Transparency International
August 10, 2015

As the presidential candidates start jostling to take over from beleaguered Sepp Blatter at FIFA, here I provide an update of my “FIFA Reform Scorecard” to set the stage for evaluating the claims that the process has already started and highlight what is left to do for his potential successors.

Blatter has expressed a desire to implement reforms before but unfortunately, these past announcements were mostly illusory. We can show this with some simple accounting.

After FIFA’s so-called Independent Governance Committee put forward recommendations in 2012, I compared FIFA’s subsequent actions with those recommendations. I also compared FIFA’s actions with the recommendations of Transparency International and those of Mark Pieth, a Swiss governance expert who FIFA hired to develop proposals for reform and then to lead its IGC.

I also evaluated the significance of the reforms using the framework of Jean-Loup Chappelet and Michael Mrkonjic (CM13 in the slide below and here in PDF).

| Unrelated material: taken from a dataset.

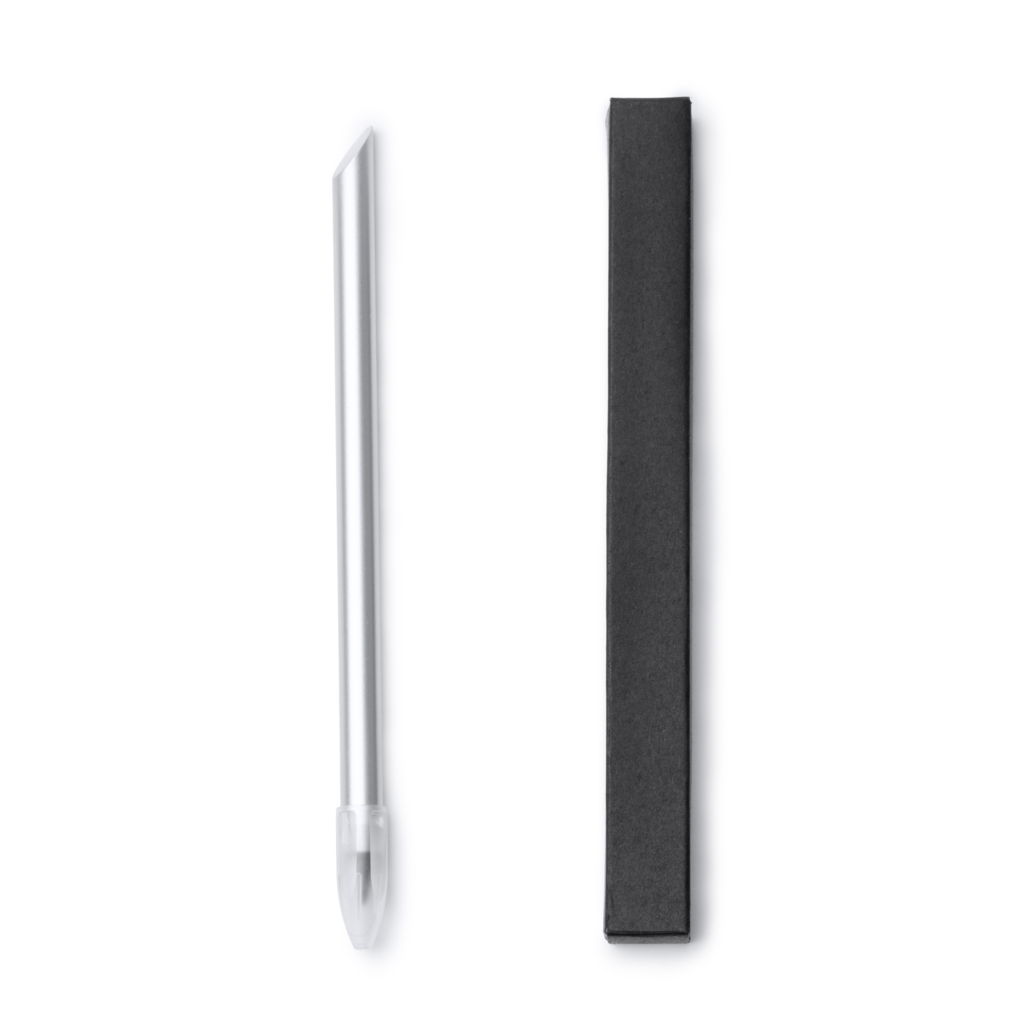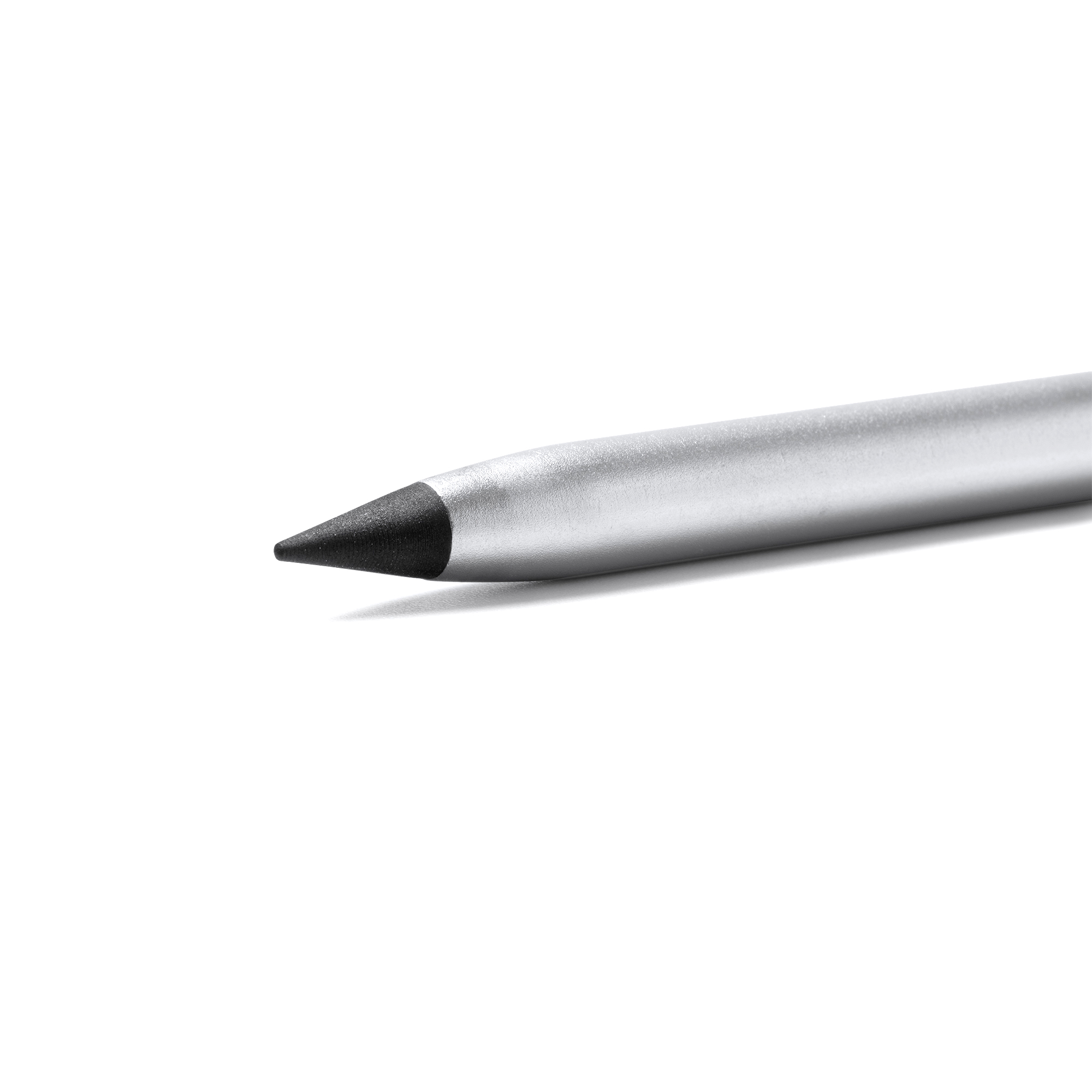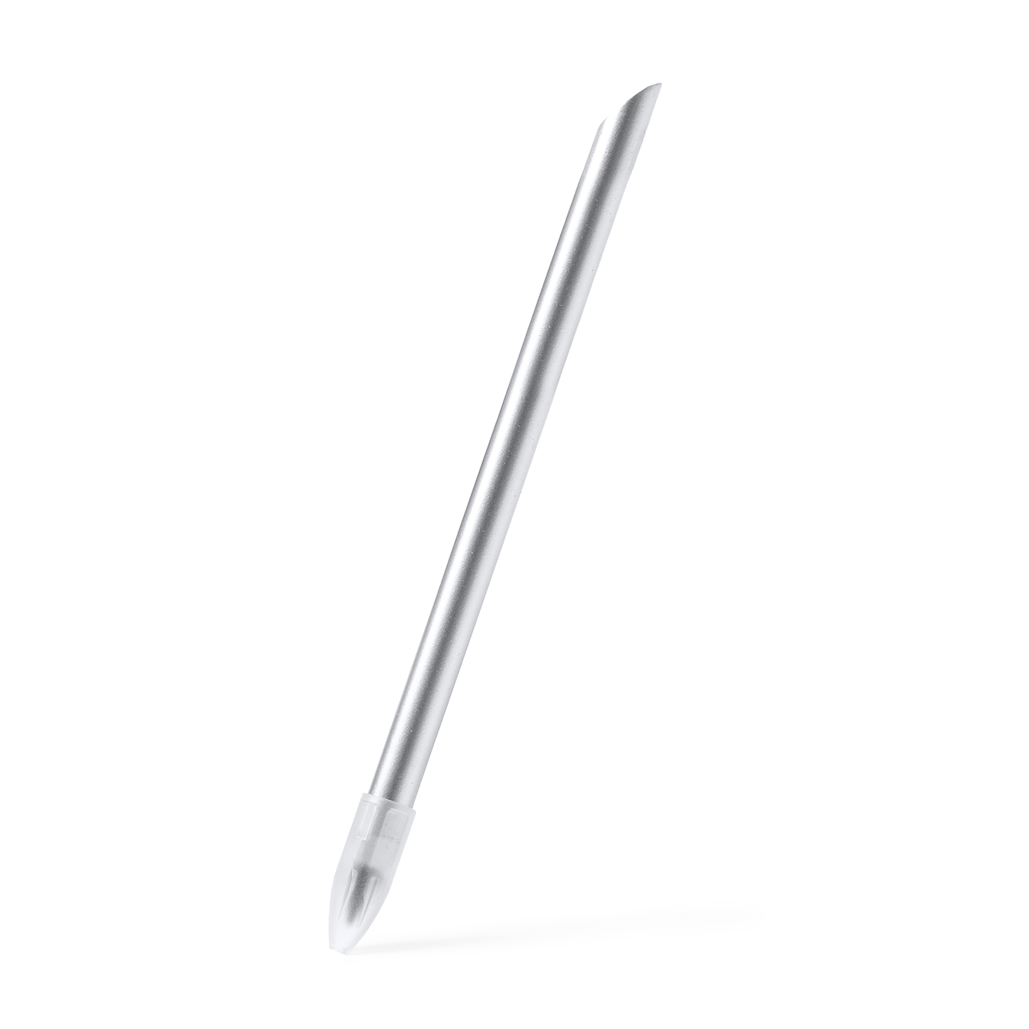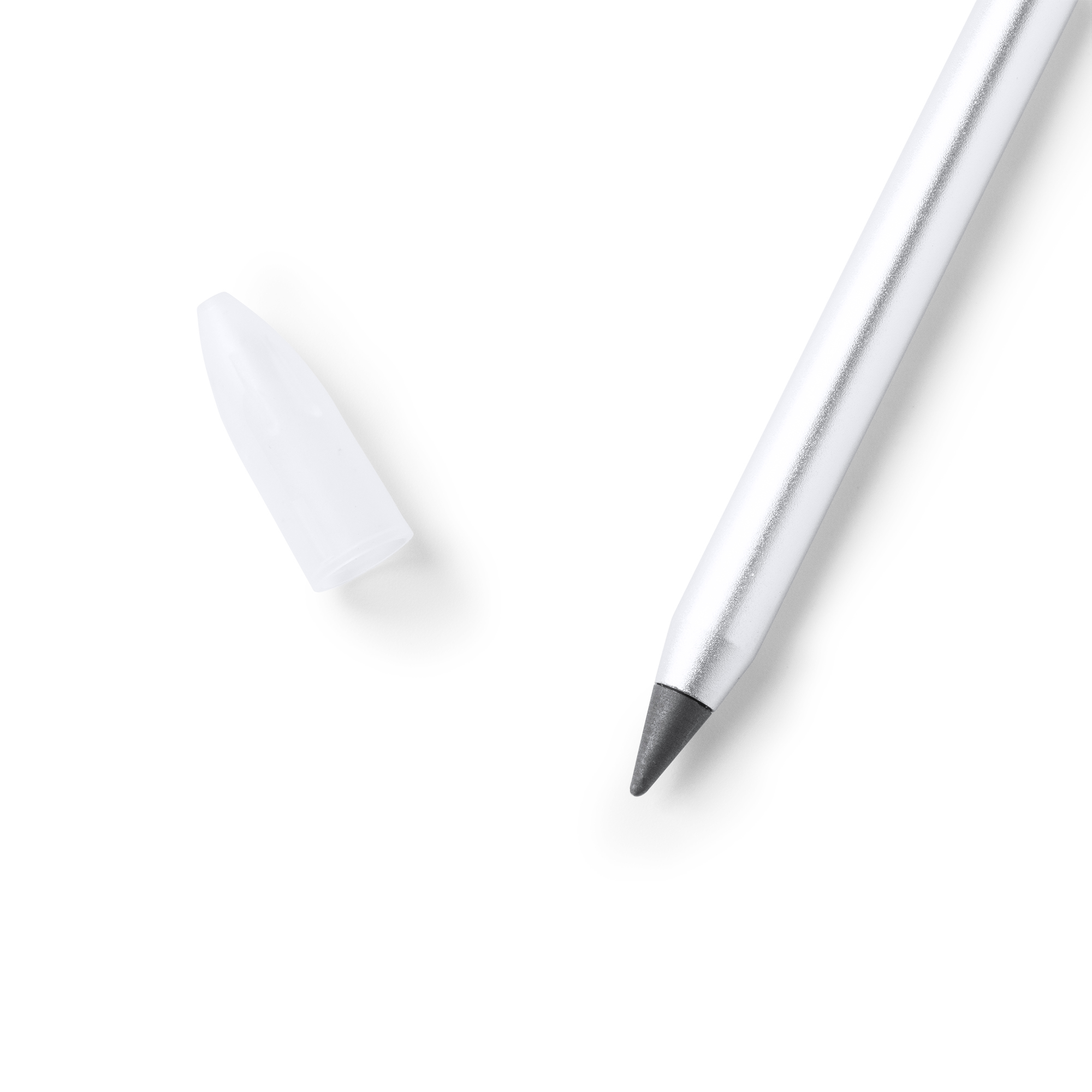 Lápiz con cuerpo de aluminio con elegante diseño. Punta de grafito de escritura infinita reemplazable. Con capucha transparente.
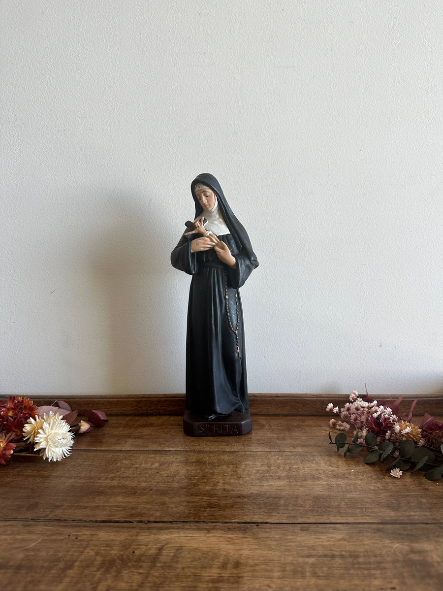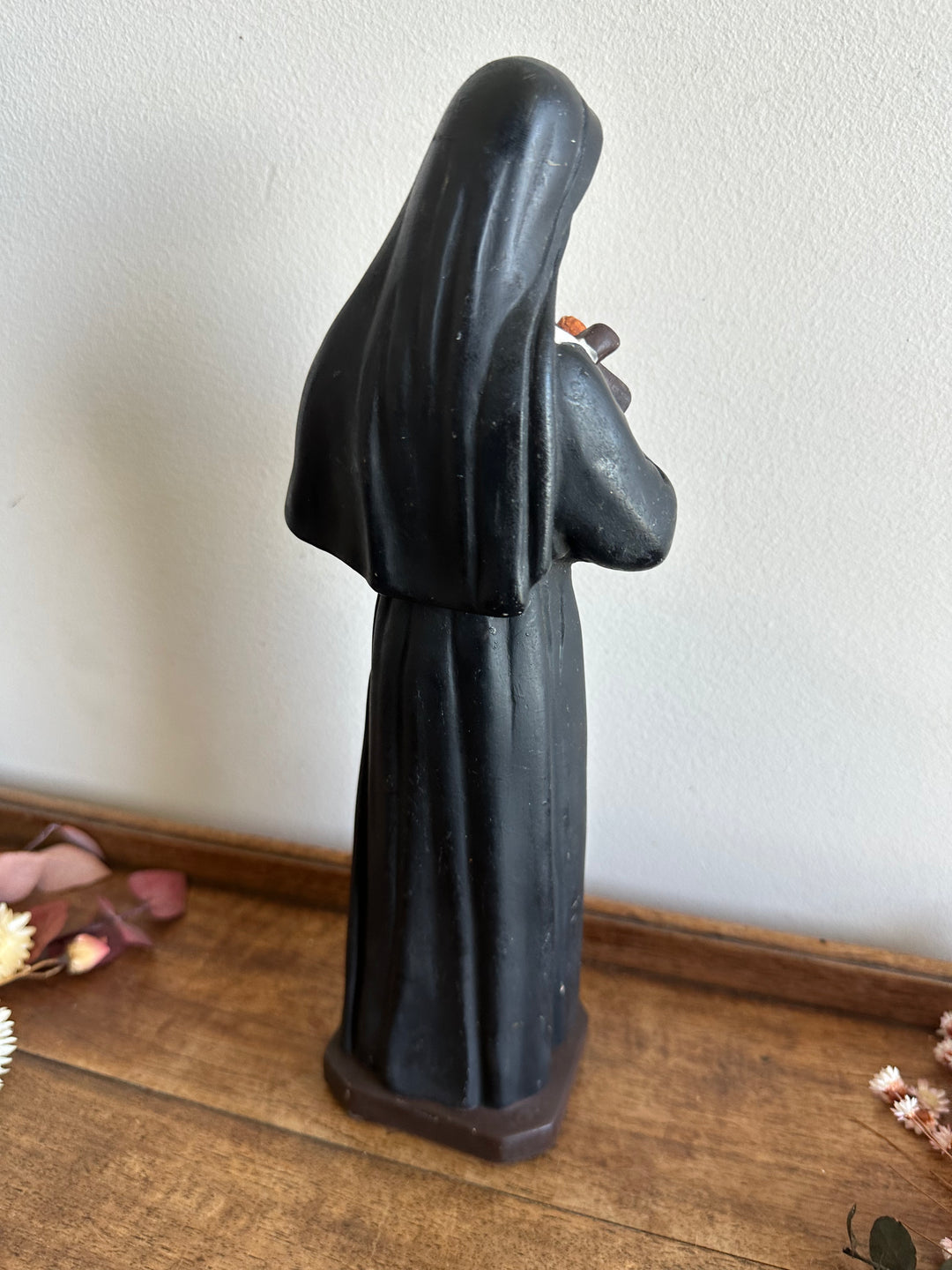 Jolie statuette de Sainte Rita en plâtre. Estimation années 80. On la fête le 22 mai. Béatifiée en 1628

FIFA’s performance, summarized in the slide below, was not very inspiring.

You can read all of the details of what I found in a book chapter found here in PDF.

Blatter has framed his reform agenda in two parts. First, he has announced his intention to step down upon the election of a new president on February 26, 2016. Second, he called for FIFA to implement the balance of proposals recommended by the FIFA IGC, focused mainly on salary disclosure and integrity checks. Blatter announced that an 11-person committee would be established to help finish the uncompleted work of the IGC. Read more …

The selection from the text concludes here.